2. the Laotian base noun phrase recognition methods according to claim 1 based on stack combinations classifier, special Sign is: the specific steps manually marked in the step1 are as follows: passes through the sequence of terms S=W for input₁W₂…W_I…W_n, W_I For i-th word, the target of task is to obtain a corresponding annotated sequence T^*=T₁T₂…T_I…T_n, so that the sequence it is all can Can annotated sequence in maximum probability, wherein T_I∈ { B, I, O }, B identify the left margin of Laotian base noun phrase, I mark Inside Laotian base noun phrase, O identifies other.

3. the Laotian base noun phrase recognition methods according to claim 1 based on stack combinations classifier, special Sign is: CRF utilizes the contextual information feature of Laotian word in the step3, passes through the training corpus in study Step2 Acquisition makes training sample annotated sequence in the characteristic set and feature weight of annotated sequence set conditional maximum probability.
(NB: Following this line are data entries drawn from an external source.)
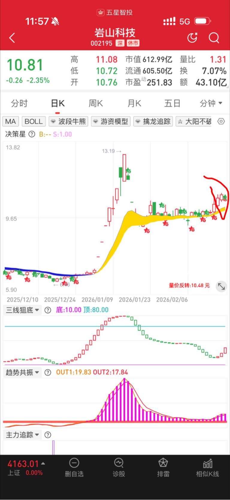 $岩山科技(SZ002195)$ 提示今天卖点,下降趋势,速卖
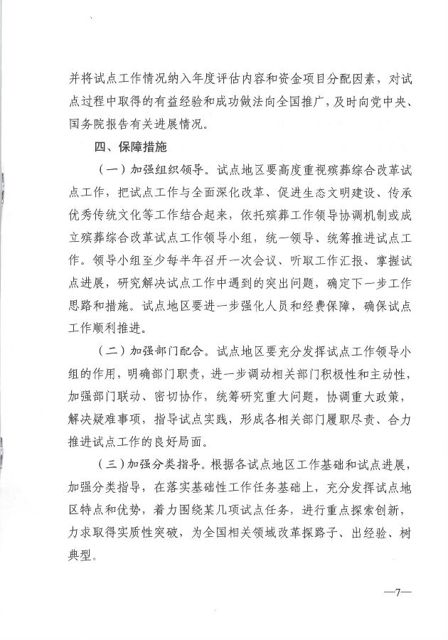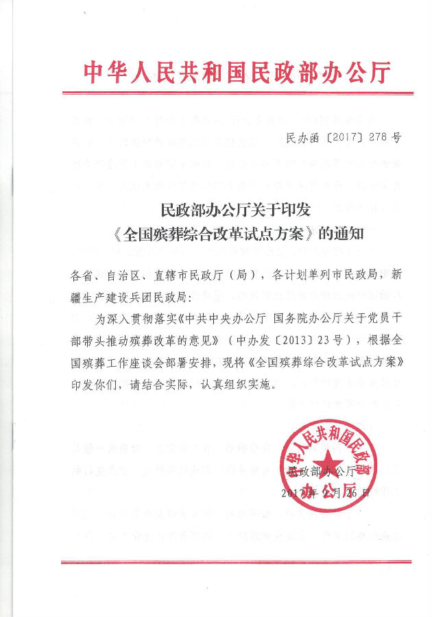 民政部辦公廳關(guān)于印發(fā)《全國殯葬綜合改革試點方案》的通知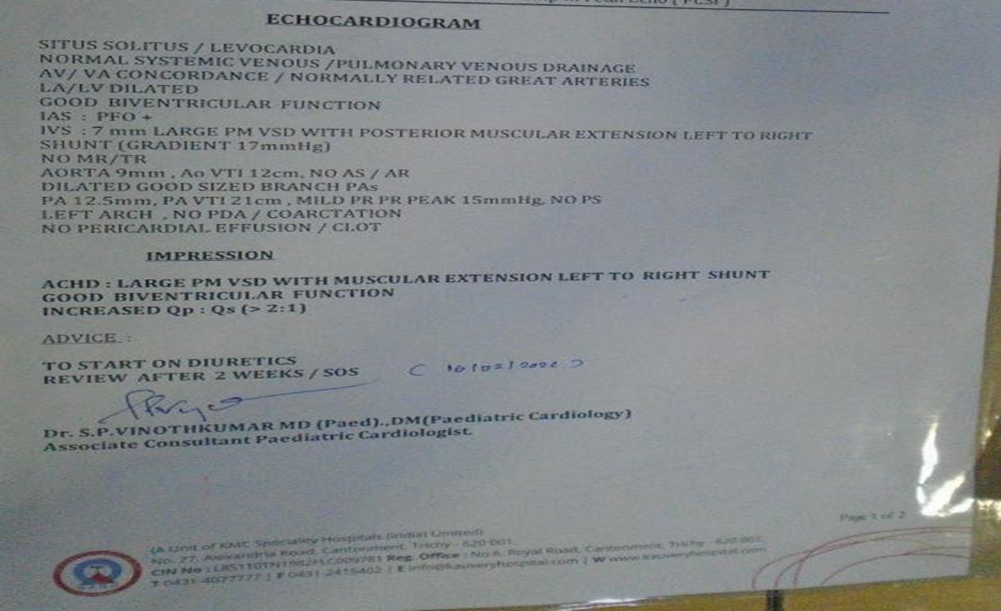 Diagnosis: Moderate sized peri membranous VSD
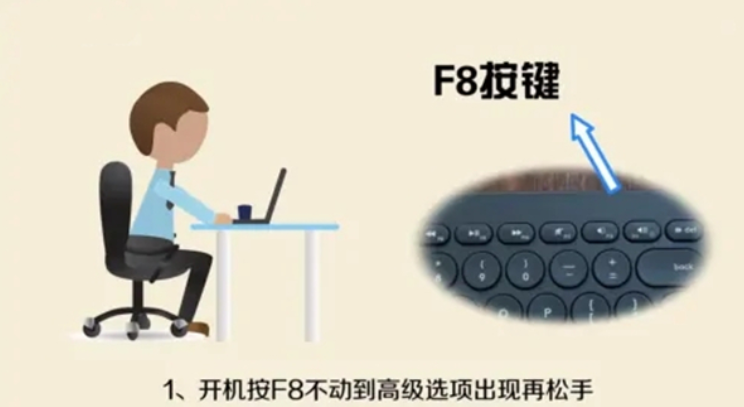 1、開機按“F8”鍵不動到“高級選項”出現再松手。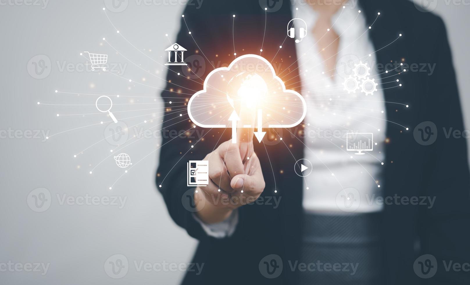 Woman touch line connect to data information on the Cloud Computing Technology Internet Storage Network Concept And a large database big data Through internet technology, Cloud sharing download Pro Photo
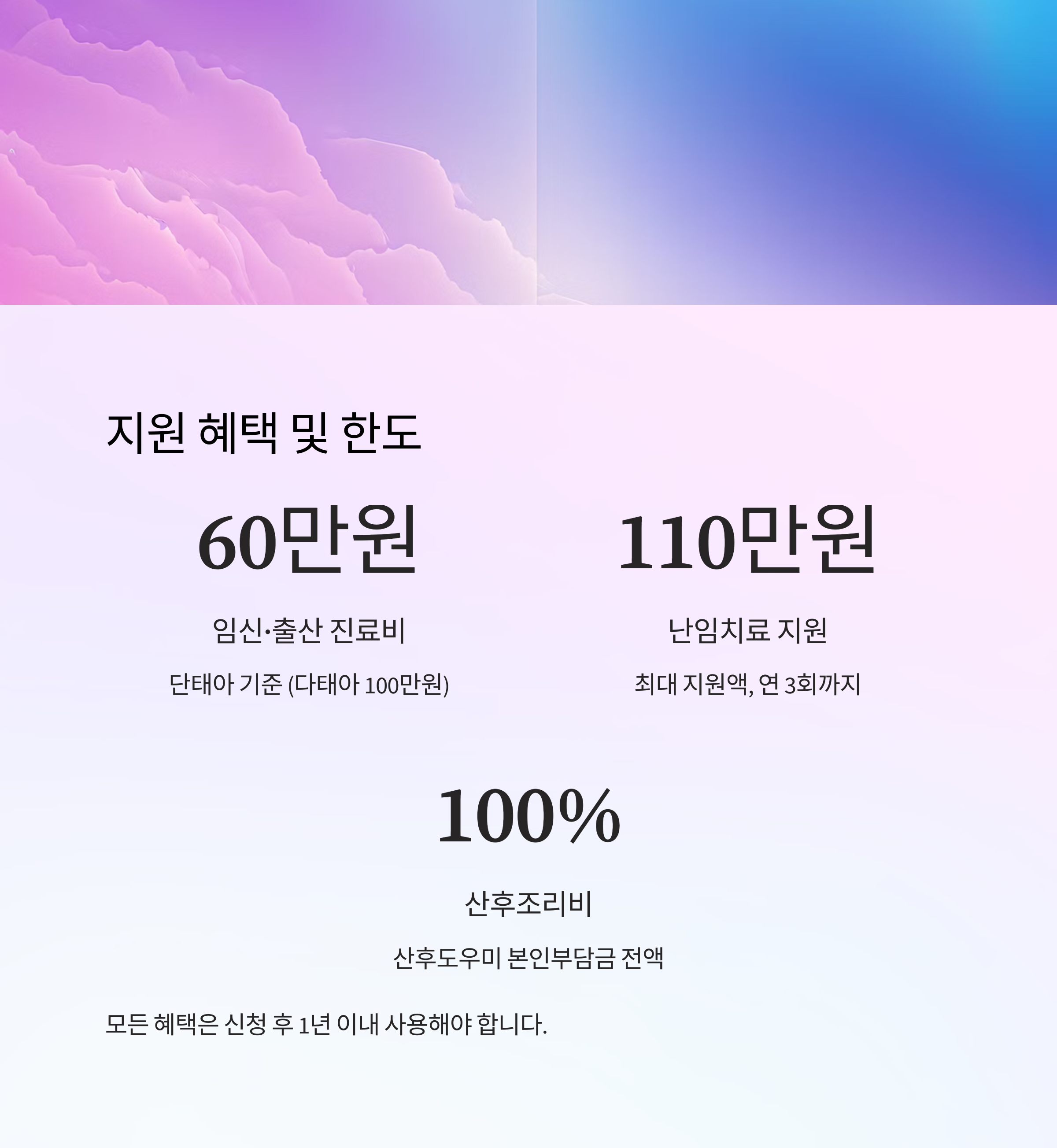 | 난임 시술비 | 인공수정/체외수정 | 최대 110만원 | 횟수 제한 있음 |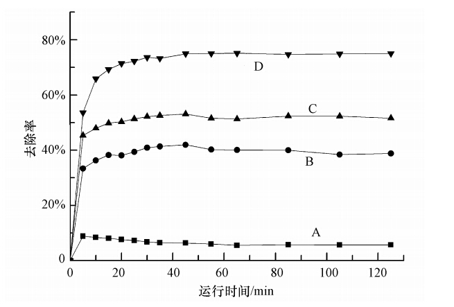 圖 4 傳統CWPO與iCWPO處理效果的對比(A工況:不投加H2O2,恒溫30 ℃;B工況:投加H2O2,恒溫30 ℃;C工況:投加H2O2,傳統供熱60 ℃;D工況:投加H2O2,感應供熱60℃)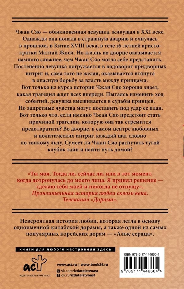 Чжан Сяо — обыкновенная девушка, живущая в XXI веке. Однажды она попала в страшную аварию и очнулась в прошлом, в Китае XVIII века, в теле 16 летней аристократки Малтай Жоси. Но жизнь во дворце оказывается намного сложнее, чем Чжан Сяо могла себе представить. Постепенно девушка погружается в водоворот придворных интриг и, сама того не желая, оказывается втянута в опасную борьбу за власть между принцами. Вот только из курса истории Чжан Сяо хорошо знает, какая трагедия ждет всех впереди. Пытаясь изменить ход событий, девушка вмешивается в судьбы принцев. Но запретные чувства могут поставить под удар ее план. Вот только что, если именно Чжан Сяо предстоит стать причиной трагедии, которую она так стремится предотвратить? Во дворце, в самом центре любовных и политических интриг, каждый шаг словно по тонкому льду. Сумеет ли Чжан Сяо распутать тугой клубок тайн и найти путь домой?

4. the Laotian base noun phrase recognition methods according to claim 1 or 3 based on stack combinations classifier, It is characterized in that: inversely the training corpus in Step2 being labeled respectively using SVM forward direction and SVM in the step step3, Using from left to right identifying direction and identifying the otherness in direction from right to left, 2 parts of different prediction results are obtained.

5. the Laotian base noun phrase recognition methods according to claim 1 based on stack combinations classifier, special Sign is: selection to the method for the highest model of sequence labelling performance is evaluated using CoNLL2000 in the step step4, It is evaluated using accurate rate P, recall rate R and F value.